Near Gone (***) wears its heart on its sleeve. Created by Two Destination Language, the production is a mixture of drama and dance. Performer Katherina Radeva is trying to tell the audience about a heart-breaking event that happened to her family. She dances with flowers, sometimes whipping them to the point they fall apart, and she speaks passionately—in Bulgarian. Alister Lownie is on hand to translate, doing his best to depict the story with the right words.

It’s a delicate piece, one that might feel a bit padded in order to fill an hour slot. However, as a look at the difficulty in communicating, it’s potent stuff. There are moments that anger, others that touch, and the production has a slow pace that manages to keep hitting all of the emotional buttons.

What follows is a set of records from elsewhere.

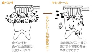 歯垢(プラーク)中のむし歯菌を減少させ、むし歯の原因となる酸を作らせない働きがあり、甘さにより唾液をより多く出させ、唾液の働きにより虫歯になりにくい口腔内環境をつくる効果があります✨
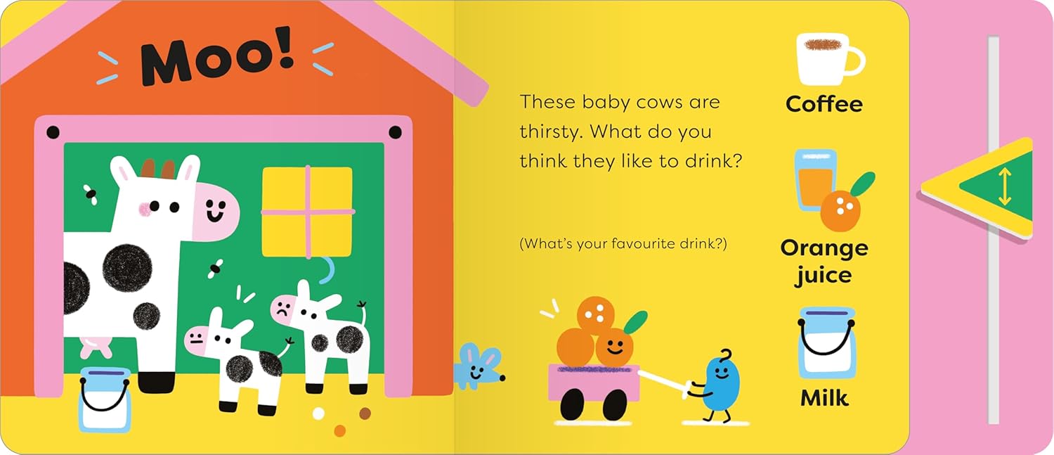 Move the slider mechanism to answer funny questions about baby farm animals and lift five flaps to find hidden creatures!
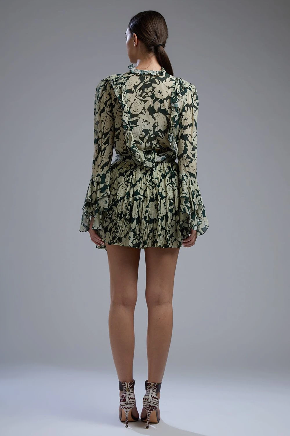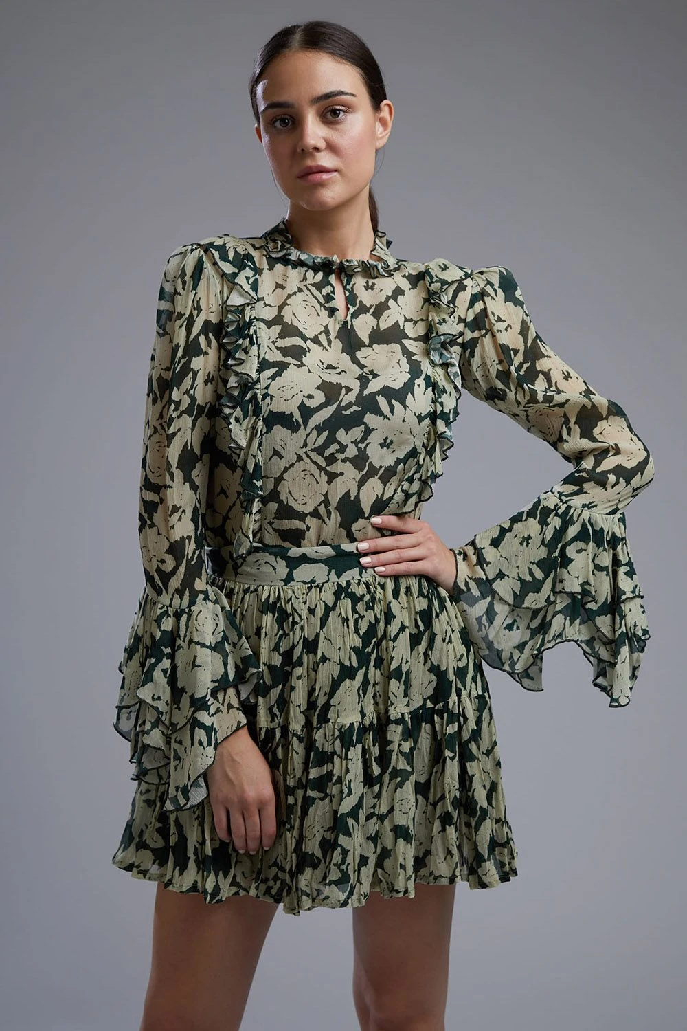 KoAi Chiffon Dark Green & Beige Floral Skirt
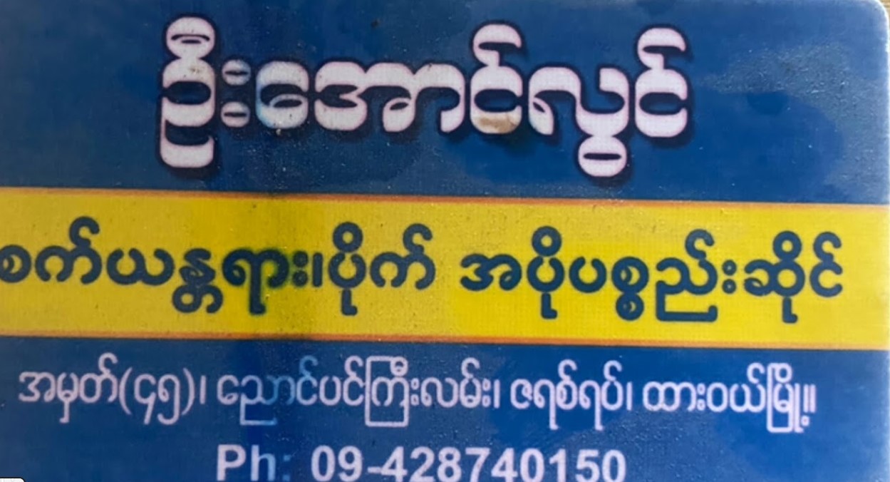 : အမှတ်(၄၅)၊ ညောင်ပင်ကြီးလမ်း၊ ဇရစ်ရပ်၊ ထားဝယ်မြို့၊ တနင်္သာရီတိုင်းဒေသကြီး။
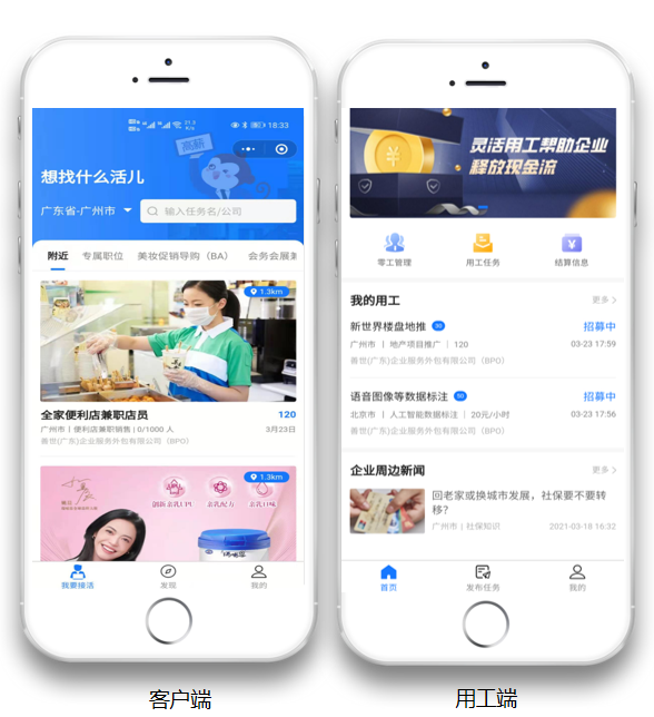 灵猴Job韧性十足,通过不断迭代升级,不断满足to B与to C需求,确保用户体验。对企业来说,发布零工需求后,灵猴Job调用线上+线下招聘资源和渠道,确保企业有人用,快速交付。就拿灵猴Job合作过的某大型零售巨头的兼职导购案例来说,门店分布在全国1000多个区县,门店超过4000家,每天都需要大量美妆产品导购员(BA),需要实施更灵活的人力资源策略满足业务需求。在灵猴Job平台,需求都可实现,如哪个门店缺人就发布哪里的岗位,可设置按销售额提成支付,基于灵猴Job强大的地理定位的任务匹配模式,零工在线接单,签署项目专用《自由职业者服务协议》后,完成工作后,由店长确认结果,灵猴Job平台按约定代垫导购收入,可做到日结、周结2种垫付模式,极大增强了兼职导购积极性。不仅提升了工作效率,还降低了用人成本与劳动风险。对个人来说,可通过定位寻找附近零工机会,也可选择喜欢的行业,接活后,待企业确认就可立即工作,享受收入。在技术赋能下,灵猴Job实现了企业与个人快速触达、精准匹配,优化了服务体验,驱动灵活用工快速发展。

Radeva and Lownie are great, both individually and as a duo. They are engaging to watch, and there is a great interplay between the two. Near Gone might seem a little over-complicated for the story it ends up telling, but it is still beautiful and moving.

Domestic dramas can be a rich pool to draw from, especially when the target is an older couple who know each other well enough to goad the best, and worst, out of each other. Such is the case for the hour we spend with Will and Anne, a couple who clearly love each other and have been through the highs and lows of a long-married couple.

The fact that the couple is Will and Anne Shakespeare makes the play all the sharper. Shakespeare, His Wife and the Dog (****) is a spousal battle of words and wits that has a smart script full of zingers and clever Shakespearean references. However, what stands out are the performances of Philip Whitchurch and Sally Edwards as Will and Anne. They make a believable, sympathetic couple who manage to one-up the other while still showing a love for each other, even when winding the other up.

Maybe the play, written by Whitchurch, is a bit knowing and relies on a general knowledge of Shakespeare that might escape the average audience member, but intelligence, humour and great performances win out.

Lands of Glass (***) has a lot going for it: a terrific company who work well as an ensemble and excellent use of music and sound through creative use of glass and bullhorns. So why doesn’t it work better than it does?

Unfortunately, the script seems to have been thrown aside in order to work more on the theatrics. What this means is that the story, about a community that’s tied to a glass factory, is hard to penetrate at times, with coherent plot skipped over in favour of theatrics, music making and characterisation. Had it not been for the programme notes, which dictates what happens in each scene, I would have been completely out to sea. There are aspects I’m still not too clear about.

Still, there is much to like. Hannah Boyde is wonderful in the multiple roles she plays, giving each character a fun, recognisable quirk, while Beccy Owen grounds the piece nicely as the narrator. And the music, much of it made by using glass (xylophones, water-filled glasses, to name a few) is wonderful to listen to while serving the production well. If only it all made more sense…

ViewMaster (****) might only last 15 minutes, but it’s an experience that lingers long after the performance concludes.

What is ViewMaster? Well, to give much away would rob audiences. Ryan Van Winkle is a poet and Dan Gorman is a sound artist, and together they take an audience of one on a journey via an old ViewMaster (a red plastic toy that allows a viewer to see a collection of 3D images).

And it’s tremendous fun. Van Winke and Gorman are excellent hosts—they’re warm, pleasant and happy to have a banter. The poetry and the music are great, but it’s the overall relaxed environment that makes this a terrific experience that should not be missed.

All productions on at Summerhall until August 24. Check website or programme for specific dates and times.